The derivative of \(\lambda_U(1-\sigma(-z))\) with respect to \(\theta\) I’ll write as:

\[\frac{dz}{d\theta} \times \frac{d}{dz}\lambda_U(1-\sigma(-z))\]

The derivative of \(\lambda_U(1-\sigma(-z))\) with respect to \(z\) involves pulling out the constant \(\lambda_U\), pulling out the constant -1 from \(-\sigma(z)\), multiplying by -1 (chain rule), and the derivative of 1 with respect to \(\theta\) going to 0:

\[\frac{d}{dz}\lambda_U(1-\sigma(-z)) = \frac{d}{dz}\lambda_U(1-\sigma(-z)) = -1 \times -1 \times \lambda_U\frac{d}{dz}\sigma(-z) = \lambda_U\frac{d}{dz}\sigma(-z)\]

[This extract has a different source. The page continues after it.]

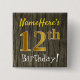 Chapa Cuadrada Faux Wood, Faux Gold 12th Birthday + Custom Name

Given that \(\sigma(-z) = 1 - \sigma(z)\):

\[\lambda_U\frac{d}{dz}\sigma(-z) = \lambda_U\sigma(-z)(1 - \sigma(-z))= \lambda_U\sigma(-z)\big[1 - (1-\sigma(z))\big] = \lambda_U\sigma(-z)\big[1-1+\sigma(z)\big] = \lambda_U\sigma(-z)\sigma(z)\]

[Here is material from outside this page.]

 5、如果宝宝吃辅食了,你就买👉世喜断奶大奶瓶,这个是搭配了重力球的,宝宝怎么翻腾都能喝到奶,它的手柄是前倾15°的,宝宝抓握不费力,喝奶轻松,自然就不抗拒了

The derivative of \(z\) with respect to \(\theta\) is the same as before:

\[\beta\frac{d}{d\theta}log\pi_\theta(y|x)\]

Multiplying the two derivative terms together:

\[\lambda_U\sigma(-z)\sigma(z)\beta\frac{d}{d\theta}log\pi_\theta(y|x)\]

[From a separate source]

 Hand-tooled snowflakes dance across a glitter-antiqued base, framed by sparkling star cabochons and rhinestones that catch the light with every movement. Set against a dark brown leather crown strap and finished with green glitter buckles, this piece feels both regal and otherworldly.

Plugging it all back to get the loss gradient function for undesired outputs:

\[\nabla_\theta\mathcal{L}_{KTO}(\pi_\theta. \pi_{ref}) = \mathbb{E}_{x, y \sim \mathcal{D}}\big[ \lambda_U \sigma(z) \sigma(-z) \nabla \beta \log \pi_\theta(y|x)\big]\]

Comparing that to the loss derivative for desired outputs, the difference is the minus sign:

\[\nabla_\theta\mathcal{L}_{KTO}(\pi_\theta. \pi_{ref}) = \mathbb{E}_{x, y \sim \mathcal{D}}\big[ -\lambda_D \sigma(z) \sigma(-z) \beta\frac{d}{d\theta}log\pi_\theta(y|x)\big]\]

The intuition behind the minus sign given in the paper:

if \(y\) is desirable, then \(\lambda(y)\) is negative and we push up the probability of \(\pi_\theta(y|x)\) to minimize the loss; we do the opposite if \(y\) is undesirable.

Proposition 4.1 states that “KTO does not learn from undesirable examples with sufficiently high rewards or desirable examples with sufficiently low rewards” and the paper explains that:

As \(z\) tends to \(\pm\infty\), the gradient will tend to zero since either \(\sigma(-z)\) or \(\sigma(z)\) will tend to zero. Since \(z\) is increasing in the reward, this means that sufficiently large and sufficiently small rewards will yield a gradient of zero.